Я кратко объясню, как эта уязвимость, связанная с состоянием гонки, получает права суперпользователя. Эта CVE-2016–5195 позволяет нам изменять любой файл, если у нас есть разрешение на чтение файла.

Я объясню шаг за шагом, как это работает…

Выбор /etc/passwd в качестве целевого файла

Чтобы выполнить нашу задачу, нам нужно выбрать /etc/passwd, чтобы изменить его, этот файл доступен для чтения всем, но не root не сможет его изменить. Этот адрес Linux содержит информацию об учетной записи пользователя, которую он записывает для каждого пользователя.

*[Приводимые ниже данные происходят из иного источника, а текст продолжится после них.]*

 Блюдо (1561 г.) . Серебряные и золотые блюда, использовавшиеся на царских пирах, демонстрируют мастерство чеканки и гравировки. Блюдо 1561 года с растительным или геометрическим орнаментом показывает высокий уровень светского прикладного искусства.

Каждая из приведенных выше записей содержит семь полей, разделенных двоеточиями, интерес этого поля находится в третьем поле, которое указывает значение идентификатора пользователя, назначенное пользователю, это также важно для безопасности. Пользователь root, как мы и ожидали, имеет значение 0, которому система угрожает как root.

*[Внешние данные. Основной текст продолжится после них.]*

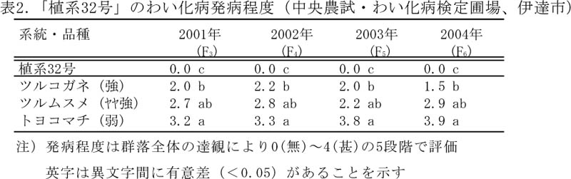 - 植交9901(「樺太一号」×「WILIS」)の後代から、「WILIS」並のわい化病抵抗性を持ち熟期と草型が改善された「植系32号」を育成した。同系統は伊達現地圃場のわい化病激発条件下においても病徴がほとんど認められず(表2)、十勝のわい化病現地多発圃場でも発病が低く抑えられており(成績省略)、抵抗性「強」のツルコガネより高度な抵抗性を示した。

Вы видели UID 1000 над этим изображением в третьем столбце (руткит), у этого пользователя нет привилегий root, но эта версия kali уже исправлена, поэтому уязвимости не будет. Основная идея сценария — очевидное создание пользователя.

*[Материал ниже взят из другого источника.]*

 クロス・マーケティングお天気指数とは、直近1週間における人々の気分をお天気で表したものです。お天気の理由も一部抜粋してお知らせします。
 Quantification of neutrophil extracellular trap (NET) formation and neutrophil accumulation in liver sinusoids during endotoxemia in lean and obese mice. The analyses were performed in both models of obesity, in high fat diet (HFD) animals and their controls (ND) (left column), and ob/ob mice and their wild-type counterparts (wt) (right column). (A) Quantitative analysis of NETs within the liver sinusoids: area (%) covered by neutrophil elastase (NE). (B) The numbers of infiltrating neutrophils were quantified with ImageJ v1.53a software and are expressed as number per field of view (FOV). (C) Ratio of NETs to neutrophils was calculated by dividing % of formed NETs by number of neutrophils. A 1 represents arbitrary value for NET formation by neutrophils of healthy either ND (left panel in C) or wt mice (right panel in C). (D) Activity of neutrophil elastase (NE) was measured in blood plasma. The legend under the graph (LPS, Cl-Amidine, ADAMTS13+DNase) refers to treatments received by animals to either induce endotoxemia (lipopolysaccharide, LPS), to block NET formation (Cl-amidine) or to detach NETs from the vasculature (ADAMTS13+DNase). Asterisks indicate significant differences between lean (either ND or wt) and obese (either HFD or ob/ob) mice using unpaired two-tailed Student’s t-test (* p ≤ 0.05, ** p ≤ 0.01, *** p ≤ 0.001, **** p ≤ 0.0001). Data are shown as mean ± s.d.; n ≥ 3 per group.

Мы создали пользователя с именем cow, и запись этого пользователя будет добавлена ​​в /etc/passwd.

Настройте сопоставление памяти и угрозы

Сначала нам нужно отобразить /etc/passwd в память, у нас есть только разрешение на чтение файла, поэтому мы можем отобразить его только в память только для чтения. Наша цель — писать в эту отображенную память, а не в ее копию. Нам нужно закодировать два дополнительных потока.

Я буду использовать код Wenliang Du.

Чтобы использовать наш скрипт, нам нужно найти позицию, в которой находится запись счета коровы. Возможно, вы не знакомы с функцией strstr(), которая означает поиск строки «корова», после чего мы запускаем два потока.

Задание заменяет 0000 вместо 1001, а задание потока записи, перечисленное ниже, заключается в замене строки cow:x:1001 в памяти на cow:x:0000. Мы знаем, что отображаемая память имеет тип COW.

Тема Мэдвис

Madvise полезен, потому что он не делает только одну вещь: он отвергает частную копию отображаемой памяти, таким образом, таблица страниц может указывать на исходную отображаемую память.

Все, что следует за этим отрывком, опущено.